The party held its indirect presidential primary on 8 June 2022 in Abuja and nominated Bola Tinubu former Governor of Lagos State. In mid-June, the APC submitted the name of Kabir Ibrahim Masari—a politician and party operative from Katsina State—as a placeholder vice presidential nominee to be substituted at a later date. On 10 July, Ibrahim Masari formally withdrew as vice presidential nominee and the later that day, Tinubu announced Kashim Shettima—Senator for Borno Central and former Governor of Borno State—as his replacement.

APC ticket
| Presidential nominee | Vice Presidential nominee |
| Bola Tinubu | Kashim Shettima |
| Governor of Lagos State (1999–2007) | Senator for Borno Central (2019–2023) |

====Labour Party primary====

On 30 May 2022, shortly after former Governor of Anambra State Peter Obi joined the party from the PDP, the Labour Party held its presidential primary in Asaba where Obi was nominated unopposed. On 17 June, the party submitted the name of Doyin Okupe—a physician and former PDP candidate who became the Director-General of the Obi Campaign Organisation—as a placeholder vice presidential nominee to be substituted for someone else at a later date. On 7 July, Okupe formally withdrew as vice presidential nominee and the next day, Obi announced Yusuf Datti Baba-Ahmed—former Senator for Kaduna North—as his replacement.

LP ticket
| Presidential nominee | Vice Presidential nominee |
| Peter Obi | Yusuf Datti Baba-Ahmed |
| Governor of Anambra State (2006; 2006–2007; 2007–2014) | Senator for Kaduna North (2011–2012) |

====New Nigeria Peoples Party primary====

The New Nigeria Peoples Party (NNPP) held its convention and presidential primary election on 8 June 2022 and nominated Rabiu Kwankwaso, who was the sole candidate, as its presidential candidate for the 2023 general election. On 14 July 2022, Kwankwaso picked Isaac Bishop Idahosa as his running mate and vice presidential candidate of the NNPP.

NNPP ticket
| Presidential nominee | Vice Presidential nominee |
| Rabiu Kwankwaso | Isaac Idahosa |
| Governor of Kano State (1999–2003; 2011–2015) | Bishop of God First Ministry a.k.a. Illumination Assembly (1985–present) |

====People's Democratic Party primary====

In October 2021, newly elected PDP Chairman Iyorchia Ayu backed the indirect primary method of nominating a presidential candidate instead of the direct or consensus methods. There was no zoning agreement for the PDP nomination despite calls from politicians and interest groups such as the Southern Governors' Forum to zone the nomination to the South as the APC's Buhari, a Northerner, was elected twice. The party held its indirect presidential primary on 28 May 2022 in Abuja and nominated Atiku Abubakar—its 2019 nominee and former Vice President. On 16 June, Abubakar selected Governor of Delta State Ifeanyi Okowa as his running mate.

PDP ticket
| Presidential nominee | Vice Presidential nominee |
| Atiku Abubakar | Ifeanyi Okowa |
| Vice President of Nigeria (1999–2007) | Governor of Delta State (2015–2023) |

===National Assembly elections===

====Senate elections====

All 109 seats in the Senate of Nigeria was up for election alongside the presidential and House of Representatives elections on 25 February 2023.

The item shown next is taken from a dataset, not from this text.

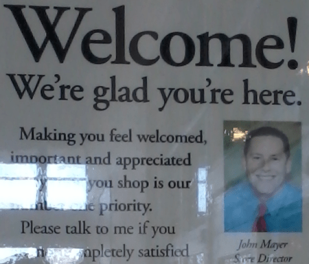 I like the Ballard Fred Meyer for many reasons. You can buy eggs, jeans for your 5-year-old, and mirrors all in one place; the supervised holding pen for kids is nice too. What I like most, though, is the greeting message from John Mayer.
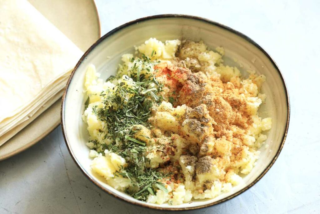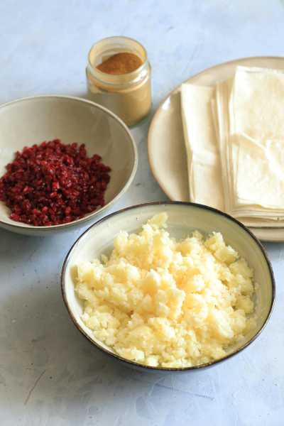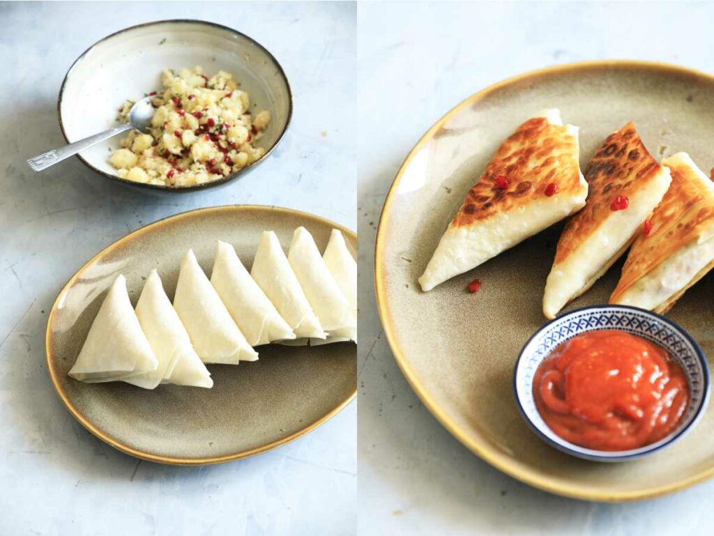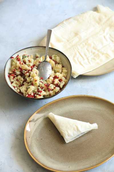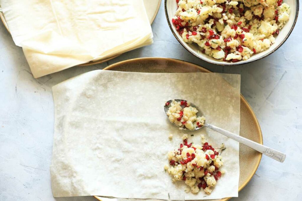 حالا مواد رو توی خمیر یوفکا و یا نون لواش بقچه پیچ کنین. حالا میتونین بهش کمی روغن بزنین و توی فر بذارین، اما خوب اون مزه لذیذ و قرچ قرچ اصیل و خوشمزه رو که لذت دنیا رو بهمون میده، فقط با سرخ کردن توی روغن میشه به دست آورد… انتخاب با شما!

====House of Representatives elections====

All 360 seats in the House of Representatives of Nigeria was up for election alongside the presidential and Senate elections on 25 February 2023.

==State elections==

===Gubernatorial elections===

Elections will hold for the governorships of thirty-one of the 36 states of Nigeria. All but three were held on 18 March 2023, while the Kogi State, Imo State, and Bayelsa State elections were held on 11 November.

===House of Assembly elections===

Elections were held for the House of Assembly of all 36 states of Nigeria on 18 March 2023.

==Local elections==

At least two statewide local elections were held in 2023:

- Abia: The Abia State Independent Electoral Commission called local elections for 28 April.

- Cross River: The Cross River State Independent Electoral Commission called local elections for 24 May.